"L'amour ne procède donc pas de l'esprit, de la faculté de penser. C'est seulement lorsque l'esprit est tout à fait calme, immobile, silencieux, lorsqu'il n'attend plus, ne demande plus, n'exige plus rien, lorsqu'il cesse d'être possessif, jaloux, peureux, anxieux, ce n'est qu'alors que l'amour devient possible. Quand l'esprit cesse de se projeter, de courir après la satisfaction des sensations, des demandes, des besoins, des peurs secrètes qui lui sont propres, qu'il n'est plus en quête d'accomplissement personnel, ni esclave d'une croyance - c'est alors, et alors seulement que l'amour devient possible.
La solitude est la conscience d'un isolement complet; or nos activités n'incitent-elles pas à un repli sur soi? Bien que nos pensées et nos émotions soient expansives, ne sont-elles pas exclusives et sources de division? Ne cherchons-nous pas à dominer, dans le domaine de nos relations, de nos droits et de nos biens, créant par là une résistance? Ne considérons-nous pas toute œuvre comme étant "vôtre" ou "mienne"? Ne nous identifions-nous pas à telle collectivité, tel pays, telle minorité? N'avons nous pas nettement tendance à nous isoler, à diviser et séparer? L'activité même du moi, à quelque niveau que ce soit, tend vers l'isolement; et la solitude est la conscience du moi lorsqu'il est inactif.

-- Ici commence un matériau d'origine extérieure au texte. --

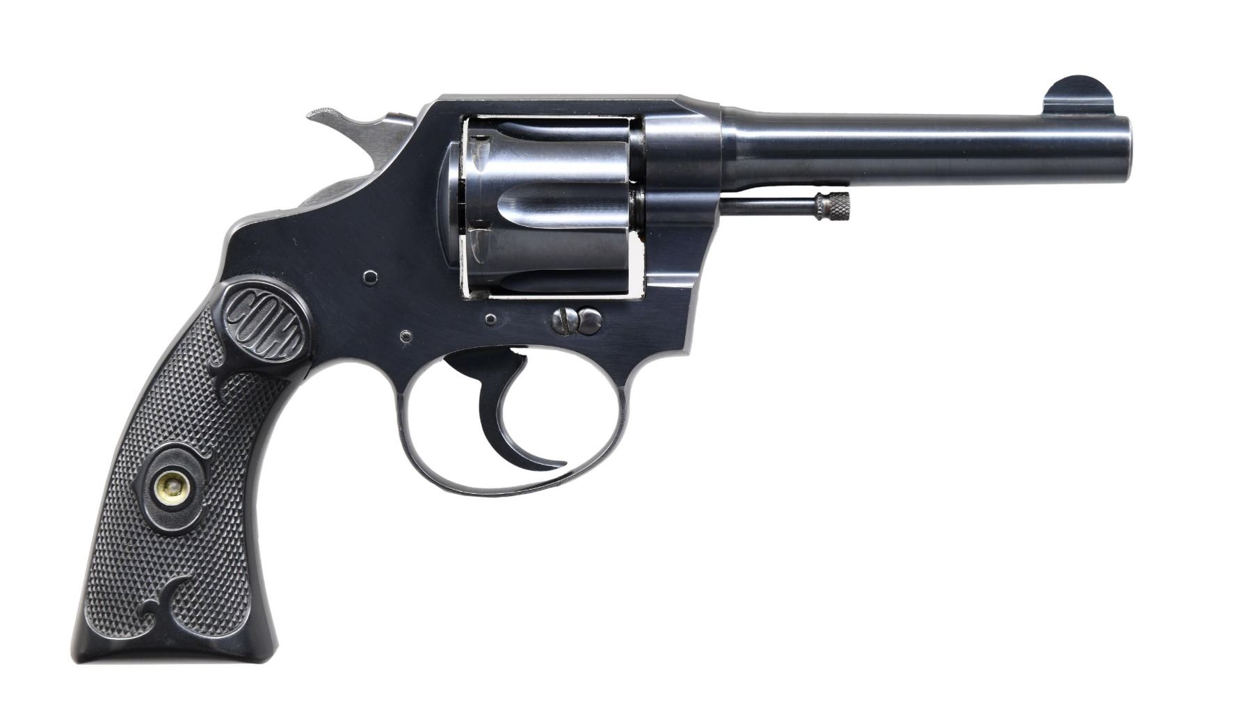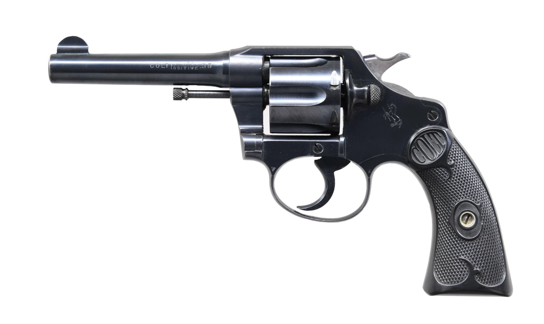 REVOLVER. Cal. 38 Colt. S# 153789. Bbl. 4". Police Positive .38 double action revolver mfg. by Colt in 1924. Left side of the bbl. is marked "COLT", followed by "POLICE/ POSITIVE" and ".38", with Colt's mfg. and patent information marked over the top. Left side of the frame is marked with the Rampant Colt logo. Metal components exhibit a blue finish overall. Frame is mounted with 2-piece "COLT" checkered black hard rubber grips. Half-moon blade front sight, with square frame notched rear sight. Grips are matching via the full S#, which is inscribed on the interior of the panels. CONDITION: metal components retain the vast majority of their original factory blue finish, exhibiting light edge wear, with some light thinning present on the grip straps. Mirror bore, exhibiting well-defined rifling throughout. Grips show a few light superficial marks from handling and storage but otherwise remain very good overall. (24-5651/MLW). CURIO. $400-600.

Il est indispensable d'être seul, pour connaître cette solitude qui n'est pas due aux circonstances, cette solitude qui n'est pas un isolement, cette solitude qui est créativité, et qui survient lorsque l'esprit ne cherche plus ni le bonheur ni la vertu, n'oppose plus de résistance. C'est l'esprit apte à la solitude qui est capable de découvrir - et non l'esprit qui s'est laissé contaminer, corrompre, par ses propres expériences. Ainsi donc, la solitude dont nous sommes tous conscients, si nous savons la regarder, pourrait bien nous ouvrir la porte du réel".